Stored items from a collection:
====
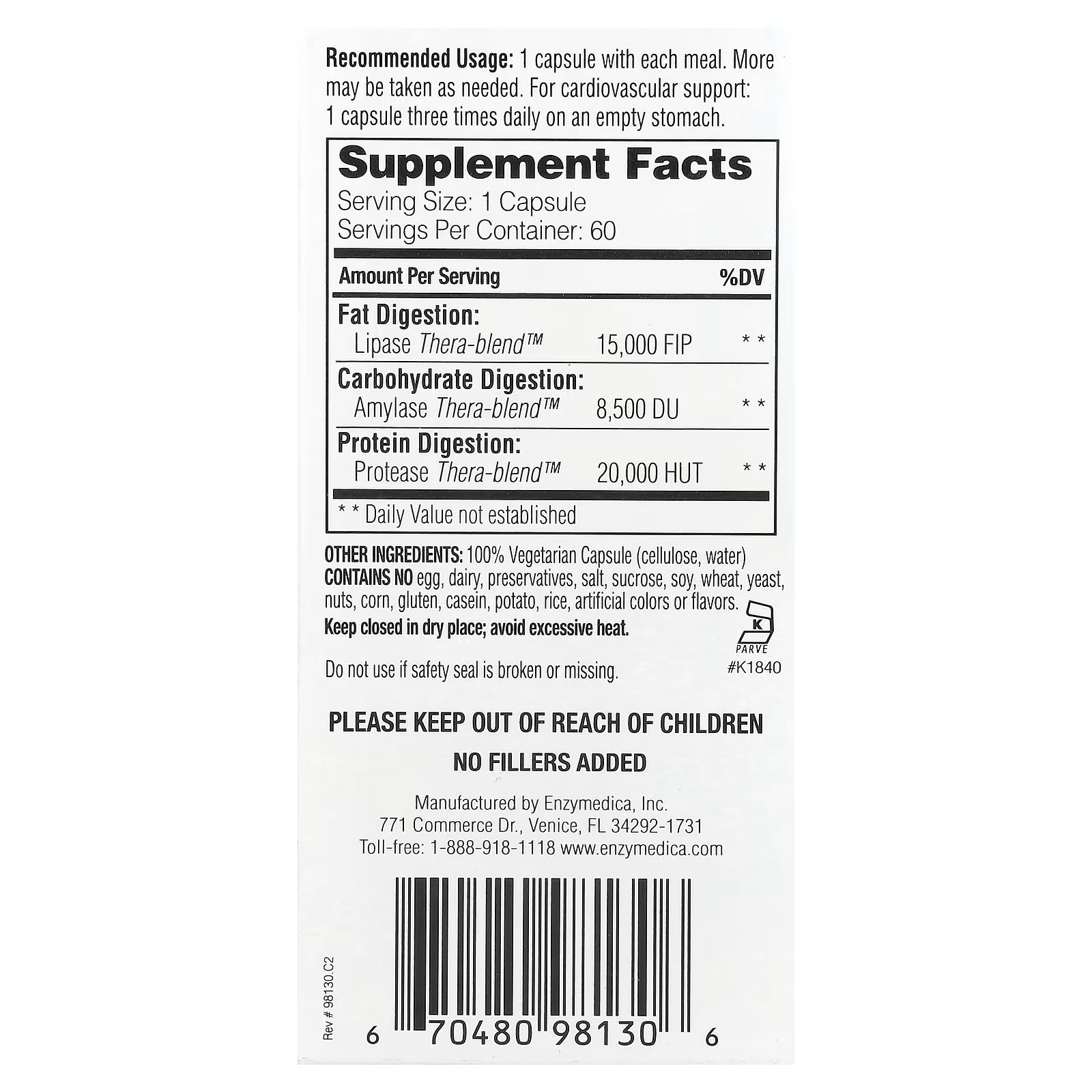 Enzimas Digestivas Lypo Gold de Enzymedica con Lipasa de Alta Potencia para Digestión de Grasas y Apoyo Cardiovascular | 60 Cápsulas Veganas y Kosher
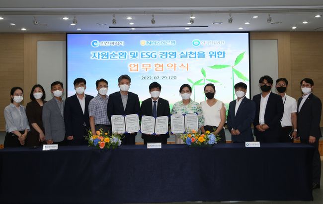 인천광역시는 29일 한국환경공단, NH농협은행 인천영업본부와 함께 ‘자원순환 및 ESG 경영 실천을 위한 폐현수막 새활용 시범사업 업무협약’을 체결했다고 밝혔다.
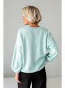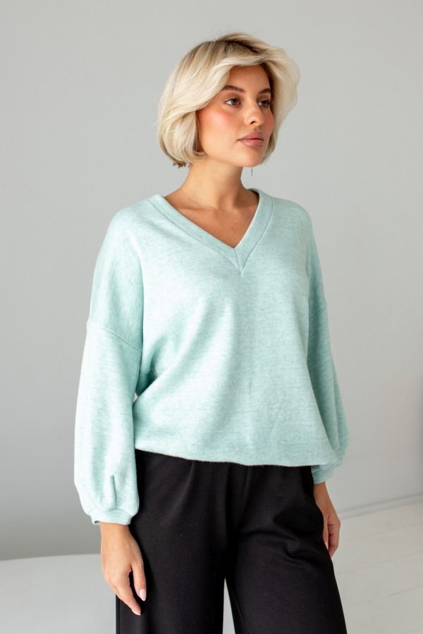 Ткань: трикотажное полотно однотонное. Джемпер свободного покроя, вырез V-образный, линия плеча занижена, низ изделия на ножке. Рукав ¾,на манжете. Длина ок. 65 см
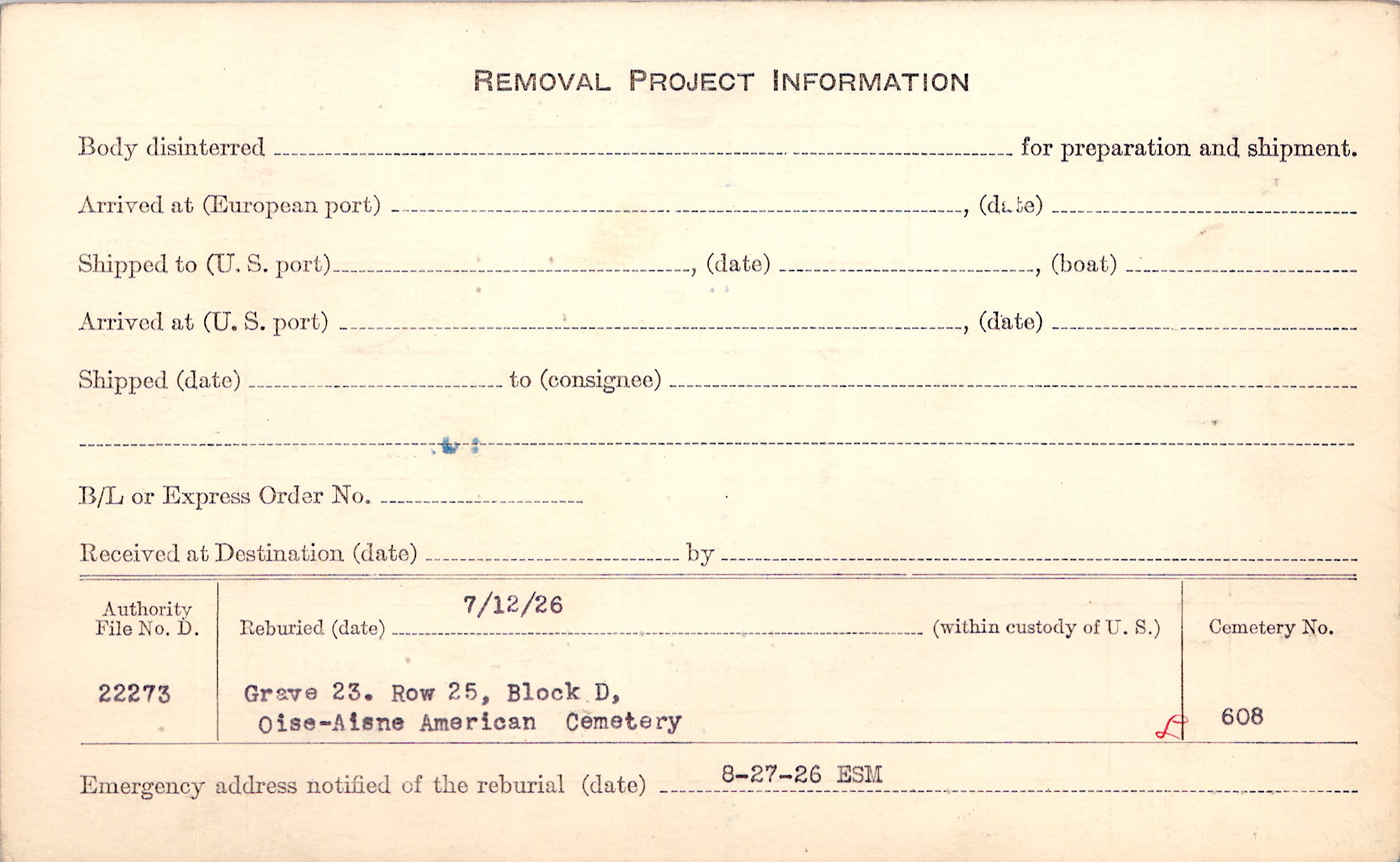 American B/A Cemetery, Seringes-et-Nesles, Aisne, Body held in Morgue
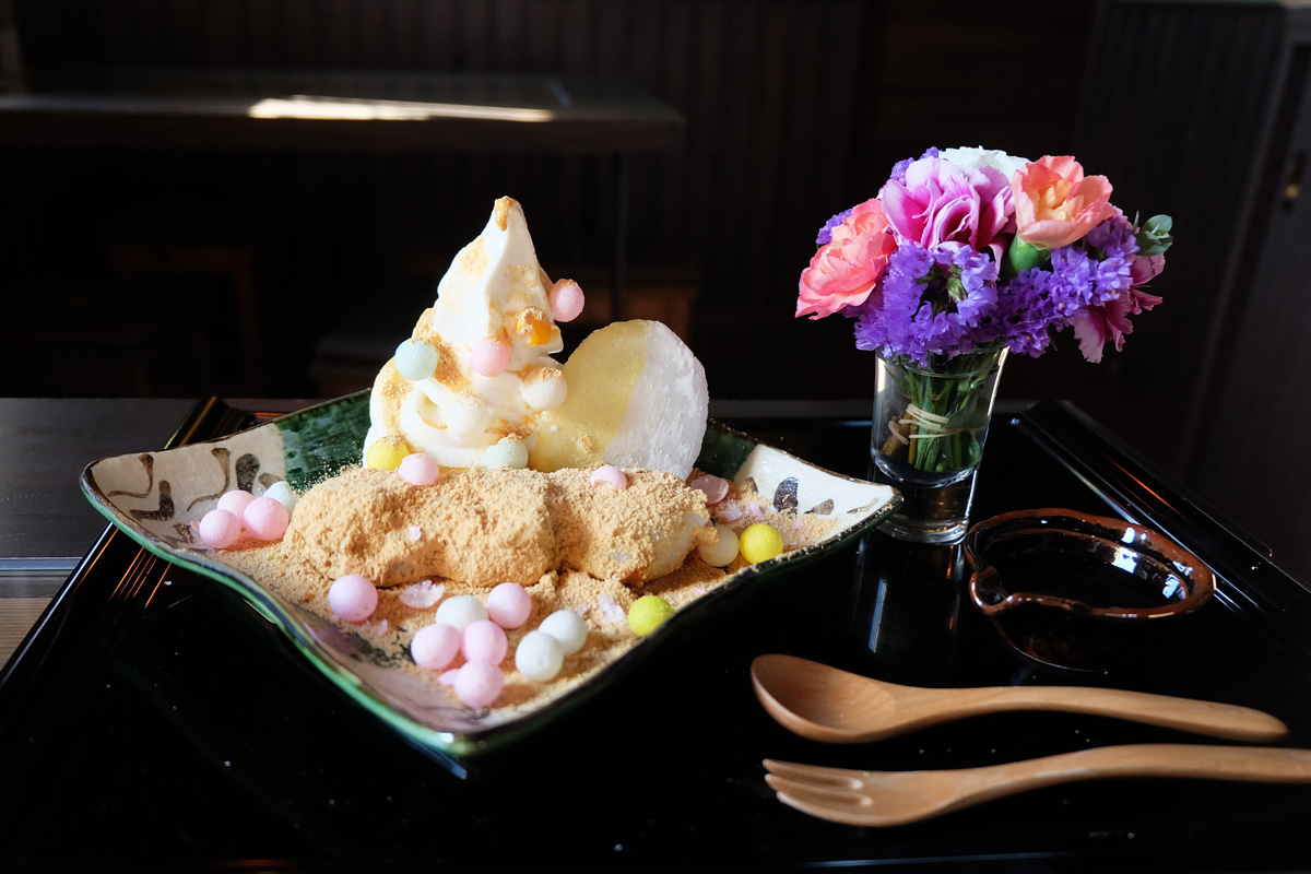きなこ団子とソフトクリームに、ポップで可愛らしいおいりを加えた「あいらしきなこ」(780円)も人気メニューのひとつ。ついつい写真を撮ってしまいたくなるメニューが充実しています。
====
Exercise prompt -
Output exactly the lines from the first line of the records through the line containing "인천광역시는 29일 한국환경공단, NH농협은행". Leave out every picture.

Output of the task -
 Enzimas Digestivas Lypo Gold de Enzymedica con Lipasa de Alta Potencia para Digestión de Grasas y Apoyo Cardiovascular | 60 Cápsulas Veganas y Kosher
 인천광역시는 29일 한국환경공단, NH농협은행 인천영업본부와 함께 ‘자원순환 및 ESG 경영 실천을 위한 폐현수막 새활용 시범사업 업무협약’을 체결했다고 밝혔다.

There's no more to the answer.